As I take into account all realms of possibility, and as Pearl Harbor day has come and gone another year, I think of the unspoken wounds of our parents and their parents before them and so on, since the beginning of time.

These wounds never stay closeted because we share these wounds, even if we barely know of their existence.

Tomaso’s father Donald was left stranded on the Pacific Islands for several years during World War II. He was a communications commander and often attempted, via Morse Code, to get attention of those who who would eventually rescue him.

Meanwhile Donald befriended the so-called natives and as Tomaso and his sister surmise, may have sired a few children while he was there.

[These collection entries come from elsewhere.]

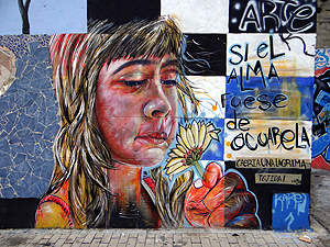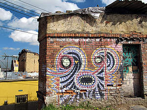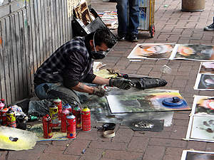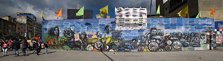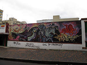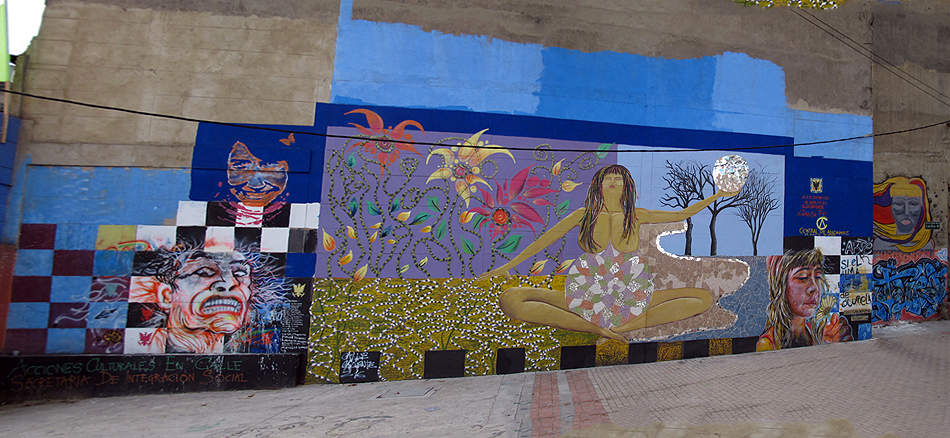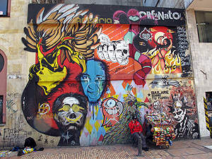 ... oder Spreikünstler, alles trifft man in den Strassenzügen von Bogota. |
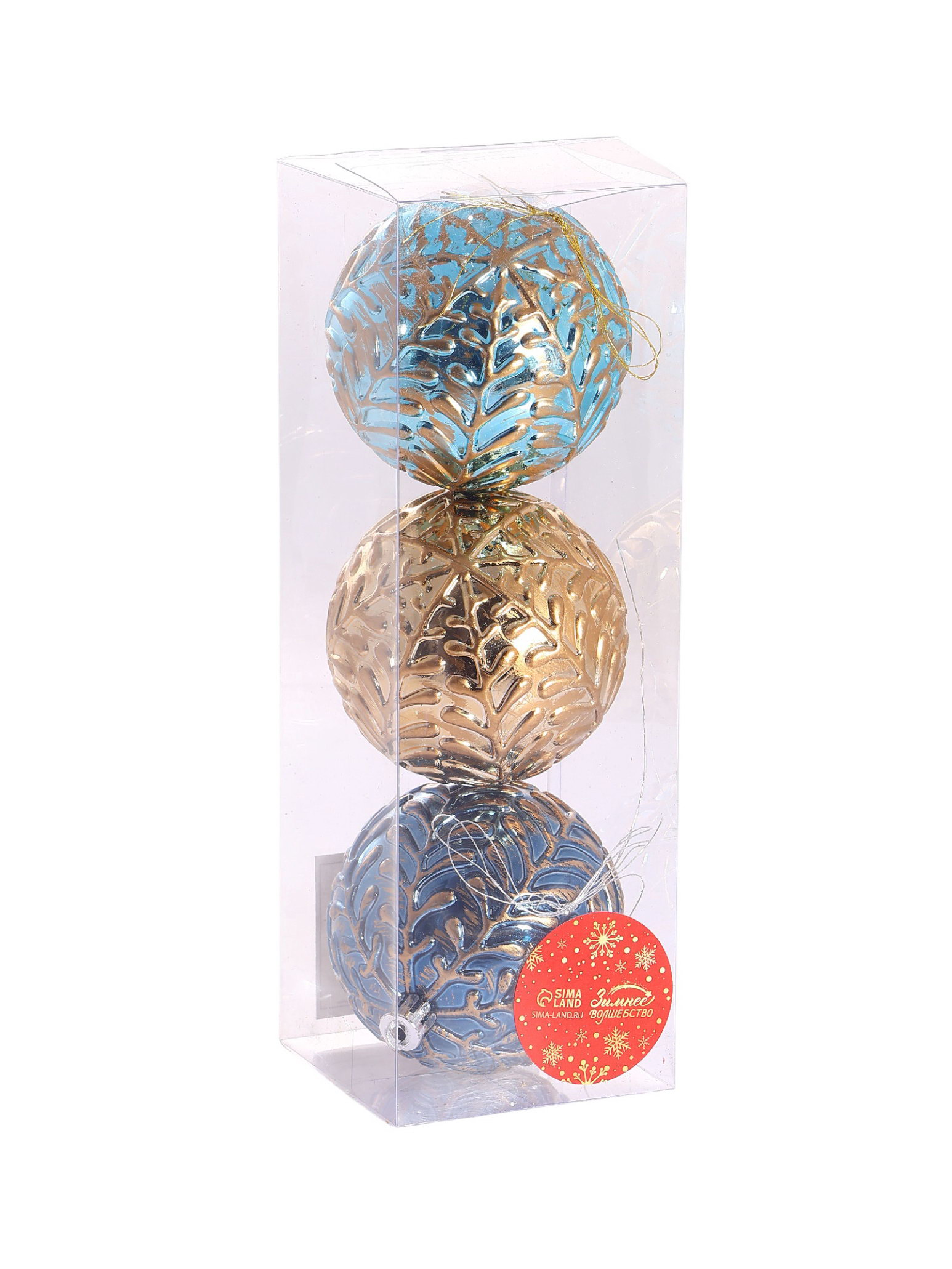 Ёлочные игрушки "Мадлен" веточки, шары новогодние, набор d=8 см, 3 шт., МИКС, 8x8 см., Зимнее волшебство, Китай
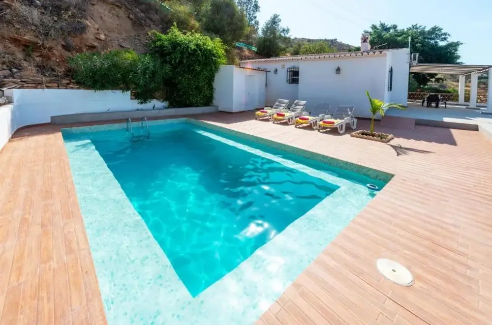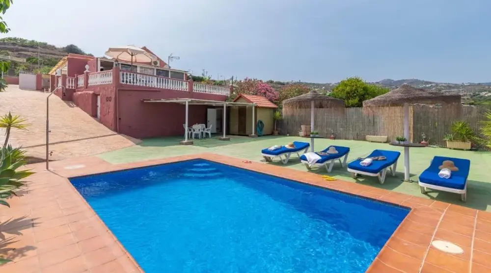 Ulteriori informazioni su Villa Las Palmeras de Torrox by RuralidaysCasa Rueapara offre un ambiente ideale per famiglie con spazi dedicati ai bambini, tra cui area giochi e campo da calcio. L'unità presenta una piscina all'aperto accessibile con doccia esterna, sedie relax e posti per riposare. Il parcheggio gratuito è disponibile vicino alla struttura. Situata in Avenida de Competa, 29793 Torrox, l'ospitalità garantisce comfort e tranquillità.
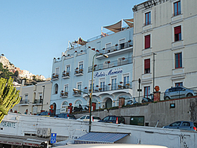 前2回のカプリ島滞在の際には、アナカプリ外れのチェザル・アウグストゥスに泊まりました。とても素敵なホテルなので、できればそこにと最初は思ったのですが・・・何しろ今回はハイシーズン!さすがセレブのリゾートって感じで・・・カプリ島の宿泊費はどこもものすごいことになります・・・。よって今回はさすがにアウグストゥスさんはちょっと無理。そのため今回は、若干お手頃目な価格で泊まれる、マリーナグランデの真ん前の、こちらのホテルにしました。若干ホテルの設備や朝食は質素にはなりましたが、十分にこのホテルを満喫しました!まず、この地の利というか・・・便利さはなかなか素晴らしい!・・・です。それに、やはり、違う町に泊まってみるのは貴重な体験だと改めて感じました♪
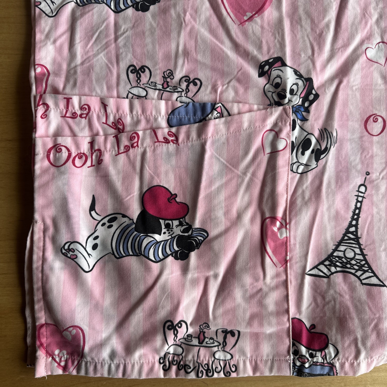 как выглядит Disney Women Scrub Top M Pink Striped Graphic 101 Dalmatians DaDogs Hearts фото
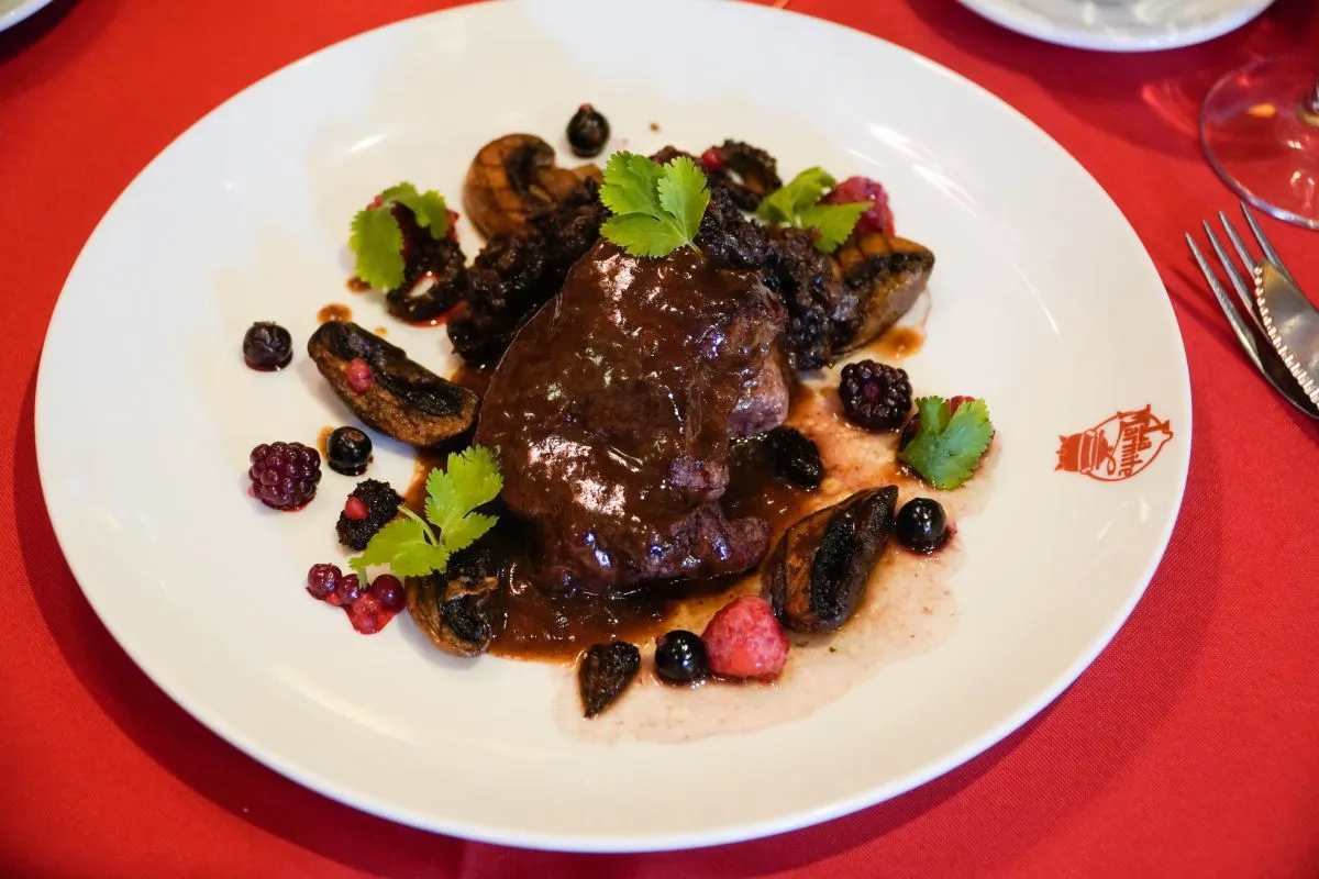 De tal forma, el chef ideó una preparación especial para esta experiencia. Escogió ofrecer un lomo de ciervo marinado en pinot noir y hierbas (romero, tomillo y perejil, más un diente de ajo aplastado y pimienta negra en grano), duxelle de setas, boletus y morillas, reducción de pinot noir y frutos rojos.
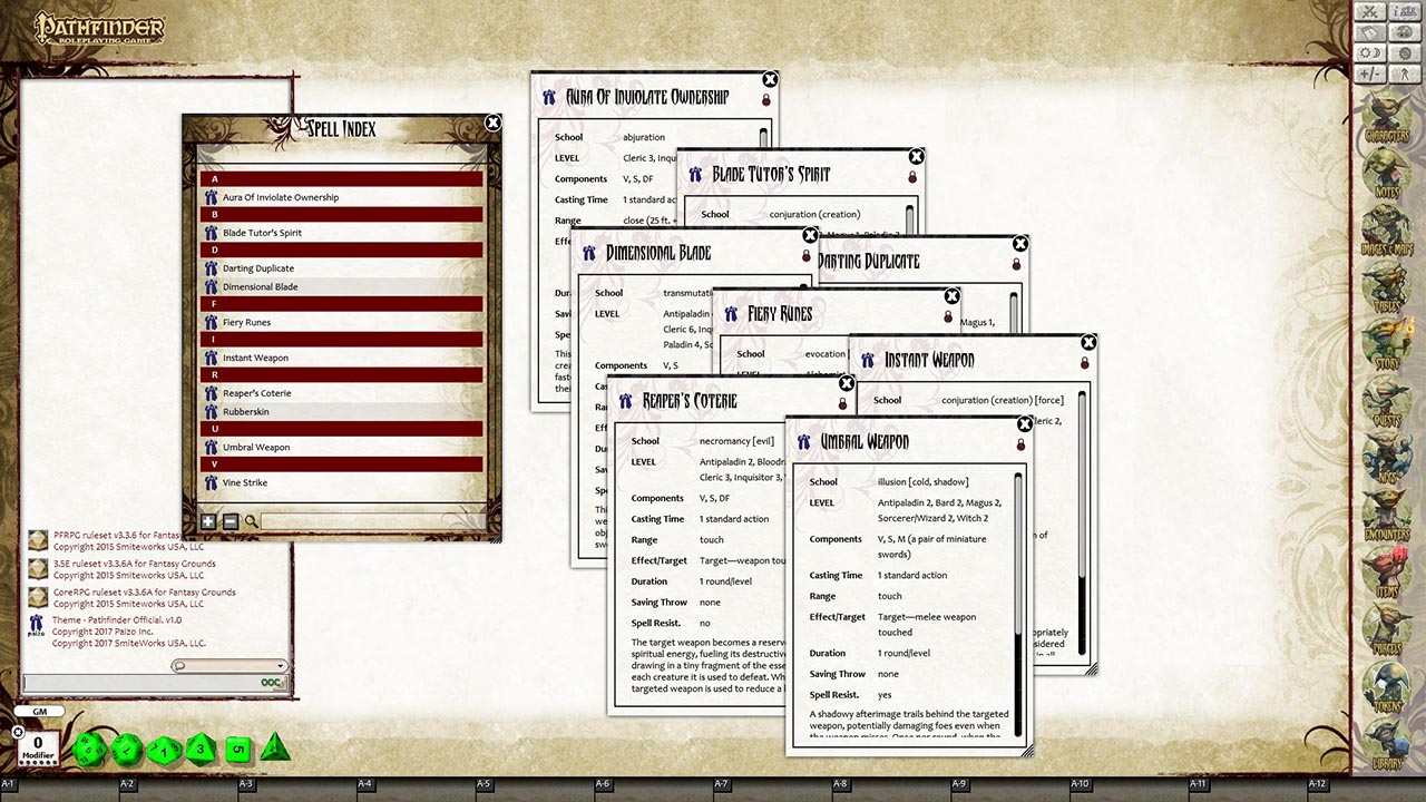 Requires: The free Fantasy Grounds virtual tabletop (VTT) software and the included Pathfinder RPG and D&D 3.5/ OGL ruleset.
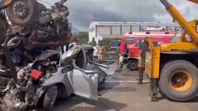 मोठी बातमी! मुंबई-पुणे महामार्ग ठरला पुन्हा जीवघेणा, कार कंटेनरचा भीषण अपघात; २ ठार, ४ जण जखमी..
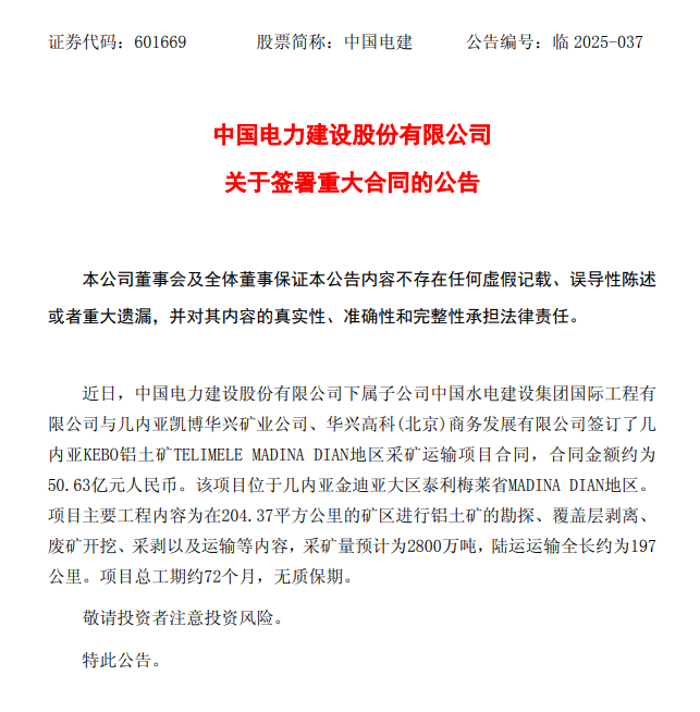 7月3日,中国电建(601669)(601669.SH)公告称,下属子公司中国水电建设集团国际工程有限公司与几内亚凯博华兴矿业公司、华兴高科(北京)商务发展有限公司签订了几内亚KEBO铝土矿TELIMELEMADINADIAN地区采矿运输项目合同,合同金额约为50.63亿元人民币。项目位于几内亚金迪亚大区泰利梅莱省MADINADIAN地区,主要工程内容为在204.37平方公里的矿区进行铝土矿的勘探、覆盖层剥离、废矿开挖、采剥以及运输等内容,采矿量预计为2800万吨,陆运运输全长约为197公里。项目总工期约72个月,无质保期。

That aspect of things was never explored. Donald became proficient at making stills for grain alcohol otherwise known as moonshine. Hard to say how many people became alcoholics because of Donald E Harner.

Even moonshine fails to obliterate the memory of wounds in the underbelly of subconscious recollection. Donald was depressed when I knew him until his death, but was a character heralded by all who knew him. Tomaso was all of these things and much more. Rare personas, both of them.

My mother‘s parents divorced when she was three, and placed her in a Roman Catholic convent. She was raised by the nuns, until age 13. She suffered from abandonment and separation anxiety, yet I had no insight into her psychosis until I started to think about it as an adult. On the surface, I thought we were raised in a normal family, but the 1960s and 70s were not normal times. As a family, we were anti-Vietnam war activists and racial justice advocates. As a result, the John Birch society targeted my family routinely. I was a “red diaper baby,”

All this is not to say we are victims of the world of our ancestors.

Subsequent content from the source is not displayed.